The CSA also imposes a limit on the number of patients a practitioner may treat with certain types of FDA-approved narcotic drugs, such as buprenorphine, at any one time. Specifically, Section 303(g)(2)(B)(iii) of the CSA allows qualified practitioners who file an initial notification of intent (NOI) to treat a maximum of 30 patients at a time. After 1 year, the practitioner may file a second NOI indicating his/her intent to treat up to 100 patients at a time. Pursuant to 21 U.S.C. 823(g)(2)(B)(iii), the Secretary is authorized to change the patient limit by regulation.”

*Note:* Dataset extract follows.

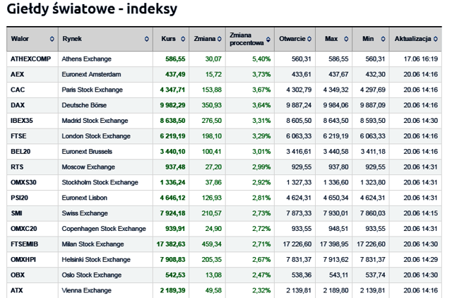 [Aktualizacja: 14:15] Chwilę po godzinie 14 niemiecki DAX zyskiwał 3,6%, francuski CAC40 rósł o 3,7%, a hiszpański IBEX35 o 3,3%. Żaden z głównych europejskich indeksów nie notował strat.

The Final Rule also notes that “[G]iven the evidence supporting buprenorphine-based MAT as an effective treatment for opioid use disorder and the magnitude of the opioid crisis, this rule is intended to increase access to buprenorphine-based MAT, prevent diversion, and ensure quality services are provided. With respect to the comment specifically related to the issues of subspecialty board certification and unclear criteria for a qualified practice setting, the final rule addresses these issues by replacing the “board certification” definition with an “additional credentialing” definition and also provides further clarity regarding the criteria for a qualified practice setting.”
With appropriate documentation and credentialing for certain practitioners, the limit can increase to 275 patients up from a previous maximum of 200 with special circumstances. This will mean a significant increase in the availability of MAT resources for patients and will also likely mean an increase in the use of the common drugs used in the MAT program. Hopefully, this will be another advance in the treatment of addicted patients and shorten the wait time for entry into MAT programs.
There are lots of details in the Final Rule and there is a companion Supplemental Notice of Proposed Rule Making relative to new Reporting requirements for MAT that can be found here.